Check out an earlier interview with Theresa Gattung:
That’s not all that’s being done, either. For Facebook’s #SheMeansBusiness livestream – a 24-hour event featuring people from across the globe speaking about the need for equality – Lizzie Marvelly, editor of unabashed feminist outlet The Villainesse, spent much of her talk discussing the gender pay gap (women in New Zealand are paid only about 88 cents for every dollar a man makes for the same work, and even less for Māori and Pasifika women) and that there’s only one female CEO of an NZX-listed company (Kate McKenzie of Chorus). Her talk also featured an appearance by Eat My Lunch co-founder Lisa King, who shared her story of being a woman in business and the challenges she’s faced and successes she's had.

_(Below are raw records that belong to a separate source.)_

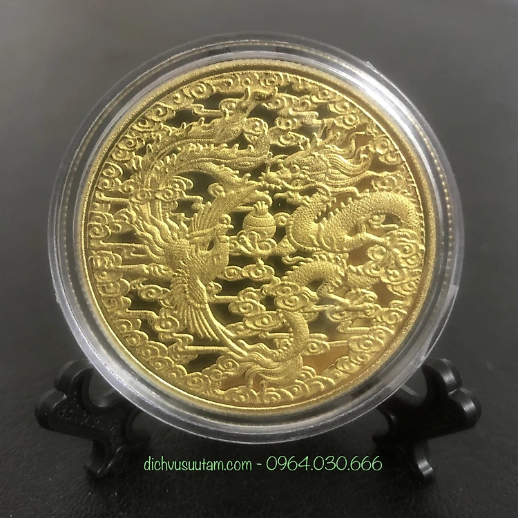 Đồng xu Long Phụng sum vầy ý nghĩa, tặng kèm đế trưng bày xu
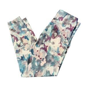 Vibrant crop leggings with a unique abstract pattern in beautiful teal and purple.
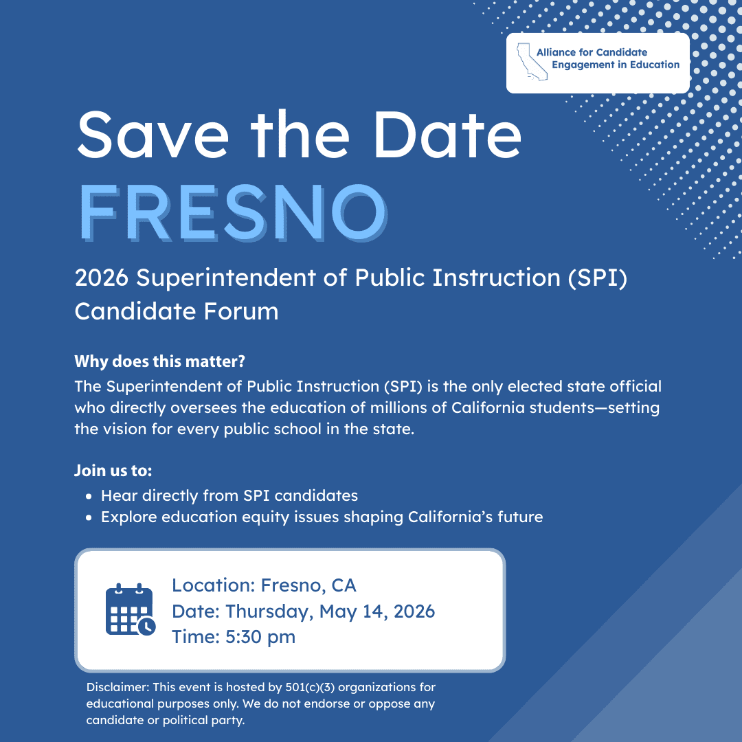 Join us in Fresno for a Candidate Engagement Forum featuring candidates for Superintendent of Public Instruction—the only elected official directly overseeing California’s TK-12 public schools. Hear their vision, ask questions, and learn about the education equity issues shaping the future of millions of students. May 14, 2026, from 5:30–7:30 pm.
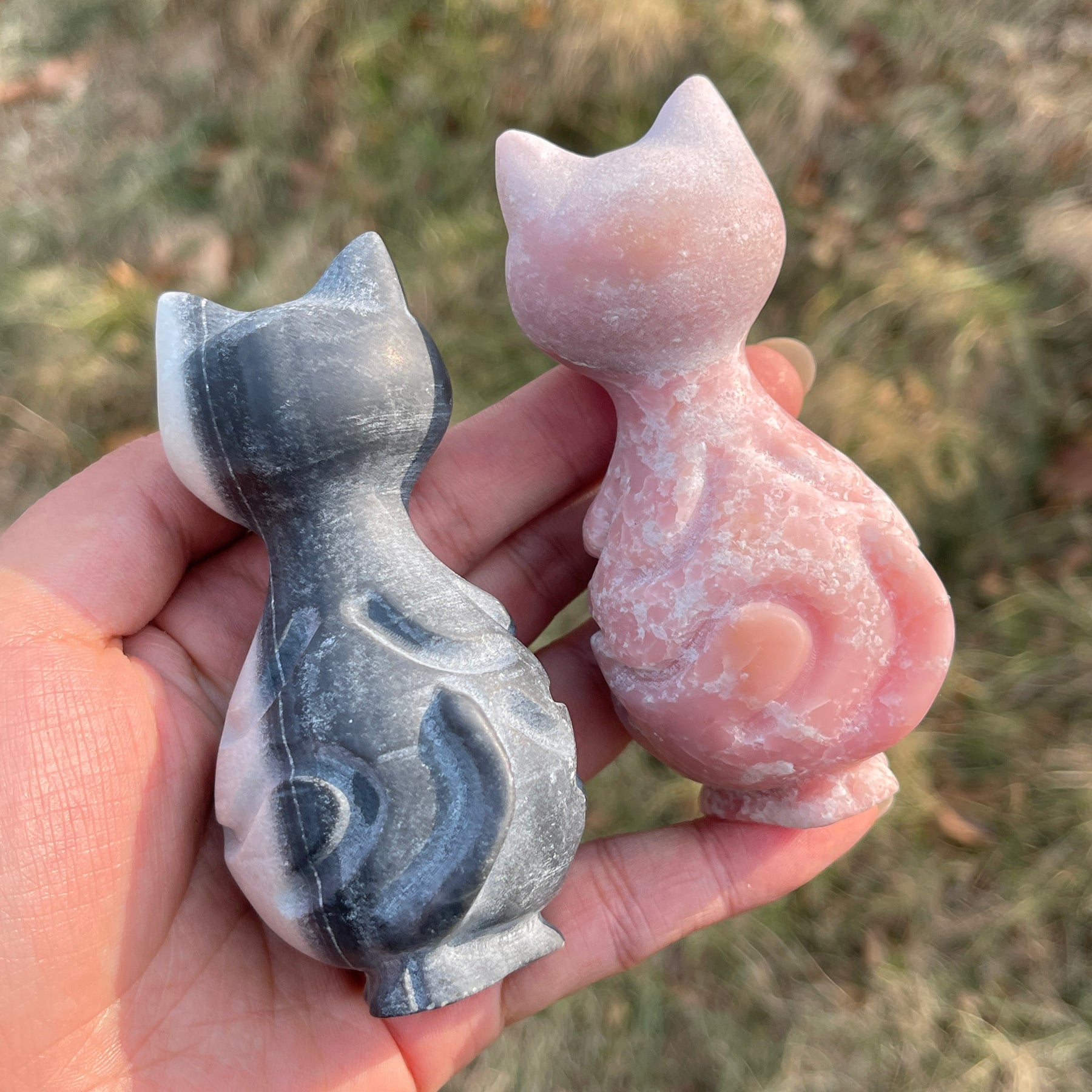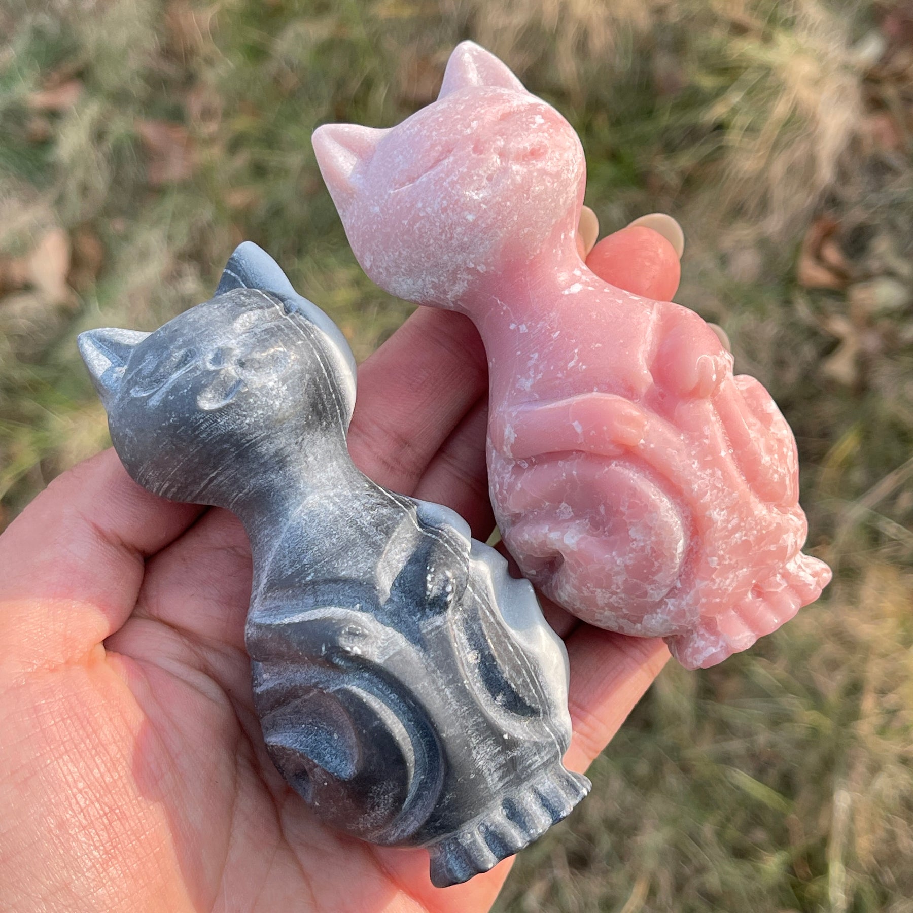 🌟Features:These charming pieces are crafted from natural crystal, shaped into a playful, upright cat with perked ears, a rounded body, and a curled, detailed tail that fits perfectly in the palm. Each cat showcases unique natural hues and textures—from soft, matte pink to deep, smooth black—creating a collection of tiny, expressive feline companions.Inspired by the cat’s symbolism of independence, intuition, and gentle warmth, this design leans into the beauty of quiet confidence and cozy comfort: the cat’s upright posture evokes the peace of being present in the moment, while its varied hues mirror the richness of embracing both your playful and grounded sides. No two carvings are identical, making your piece a one-of-a-kind accent for desks, shelves, or any nook that needs a dose of gentle, joyful energy.
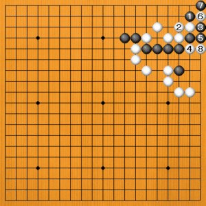 黒1(C)のアテは、白2とツガれて筋を消してしまいます。それから黒3と切っても、白4とカカえられて、黒の息が切れてしまいます。黒5から7とシボっても、白8とツガれてそれまでです。
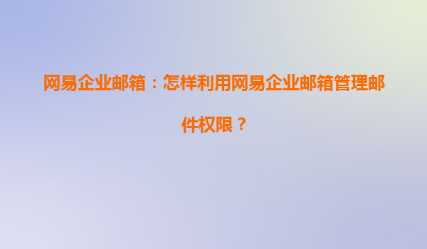 2025-06-19网易企业邮箱:怎样利用网易企业邮箱管理邮件权限? 在数字化办公的时代,电子邮件成为了企业沟通的重要工具。网易企业邮箱作为一种专业的商务通讯解决方案,为企业提供了高效、安全的电子邮件服务。通过优异的...

Speaking to Idealog for International Women’s Day last month, Xero managing director Anna Curzon had this to say about the lack of female business leaders:
It’s shocking to think that, until just a few weeks ago, there wasn’t a single female CEO in the NZX50 (Kate McKenzie started as CEO of Chorus took up her role on February 20).
“It is an indictment and it isn’t good enough. We need to address why this happening and rather than just talk about it, make change. There is more than enough evidence and research available to show that diversity in leadership teams and boards drive better outcomes and performance of the business. In fact, it is negligent if the boards and management of NZX-listed companies do not have a plan to address diversity on their teams.
“In my experience, change is CEO-led. They set examples in the decisions they make every day. Diversity can’t just be a policy written on a document stowed away in a folder somewhere, and dusted off when the next Diversity Awards come around. A focus on diversity needs to filter down through the business from the top down, so that it’s palpable within the culture of the company.
“The most important thing, yet possibly the hardest to address, is everyday unconscious bias in those making decisions within a business. Often people don’t even realise it’s happening, but those that do need to keep on noticing it and confront it. It’s important to remember though, that in most cases there isn’t a direct intent to discriminate. Sometimes being called out on it is enough to wake someone from their unconscious bias; other times, it’s not. But keep on pointing out when diverse thinking is not being respected, because people and businesses cannot continue operating in this way. It’s bad business!
“Another way to promote greater equality is for people in the business to focus on building a pipeline of talent within their team. Once you’ve identified someone with talent, ambition, and promise, build them and train with opportunities to grow beyond their role and into something more senior. The statistics for the number of women in senior executive roles is terrible. We need to build up, support, and encourage people with potential in business to build out that pipeline. Of course, we also need to fight against some of the natural and unconscious biases that occur when recruiters go into the selection process.
“In the end, diversity within a business allows for different perspectives and vigorous decision-making, effective risk management, and higher achievements by, and within, the company.”